The Erotic Honeymoon Pictures, Paris 1952

René Groebli and Rita Dürmüller were on honeymoon in Paris when they took a sublime album of pictures.

“I reacted with the title The Eye of Love. It puts into words what the photographic essay is all about: love. It is not about voyeuristic sex, it doesn’t exhibit my wife as an ‘object of desire”

– René Groebli, Photos of his Honeymoon in Paris, 1952

 

Honeymoon in paris

 

In 1952, Swiss photographer René Groebli and artist Rita Dürmüller were on honeymoon at a hotel in Montparnasse, Paris. The newlyweds spent their time secreted in their hotel room creating a series of photographs.

In their honeymoon pictures, Groebli’s camera tracks Dürmüller’s movements. She is often naked. He says the pictures were an “artistic approach not only to intensify the depiction of reality but to make visible the emotional involvement of my wife and of me.” Looking back he says at the picture of his wife who passed in 2013: “I still see, as I did in the early days of our relationship, her love for me and my artistic work, and my love for her.”

 

 

These are not the plastic pornography of our current age. But in 1954, when the couple’s pictures were first published, they were a sensation.

“I wasn’t really surprised by the reaction of the media,” Groebli says. “In those days only artists and people acquainted with the arts were used to nudity. Photography was not commonly perceived as an art yet and photographs of nudes were associated with pornography rather than with artful, tender erotic poesy. It was therefore not surprising that, prejudiced by common perception, the poetic photographic essay could hardly be judged by its artistic value.”
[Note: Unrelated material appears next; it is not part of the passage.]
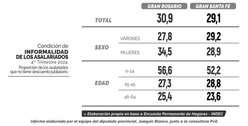 El informe también muestra que los jóvenes y las mujeres son los más afectados por la situación de informalidad. “Según pudimos observar, para el cuarto trimestre de 2024, una de cada tres mujeres no tenía aportes jubilatorios ni obra social, y con los jóvenes esa situación se profundiza porque la mitad se encuentra bajo una situación de precarización laboral”, explicó el diputado.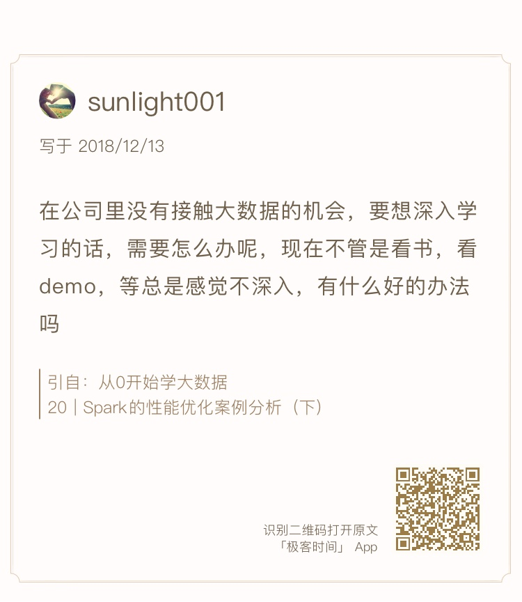 第一个层次是练习实践,我的专栏剖析架构原理居多,这是专栏定位决定的,而且学习大数据真正的难度,或者说决定你技术高度的依然是你是否理解了大数据技术的核心原理。但是大数据的学习一定要配合练习实践,不管是Hadoop、Spark、Hive的部署,还是编程练习实践,网上的教程都有很多,step by step入门学习的资料也很多。通过这些练习实践,结合专栏的原理分析,可以由表及里,从如何上手操作,到理解背后的原理机制,最后能够做到融会贯通。我看到专栏评论里很多同学贴了代码上来,一边学习一边实践,我们向这些同学学习。

Times change. The Eye of Love series was later supported by the American photographer Edward Steichen, who invited Groebli to participate in The Family of Man, the landmark 1955 exhibition at The Museum of Modern Art in New York.

 

Honeymoon in paris 1952

 

The Eye of Love

“I reacted with the title The Eye of Love,” he says. “It puts into words what the photographic essay is all about: love. It is not about voyeuristic sex, it doesn’t exhibit my wife as an ‘object of desire’. Rita loved to create the images when we took those pictures. She took an active creative part in posing and composing. One may sense, while looking at these photographs, that she felt absolutely comfortable and, hence, acted perfectly natural. She was not an actor, but an artist helping to create scenes. The pictures are the result of a collaboration in perfect harmony.”

 

 

“My life as a photographer is all about movement. I took my first photographs visualising motion in 1946 and there was no influence from other sources. With respect to Lartigue, it must have been around 1965 that I came across his pictures for the first time. I never met him personally.”

– René Groebli

 

 

Honeymoon in paris

 

René Groebli: Movement is at Bildhalle Zurich until 31 January.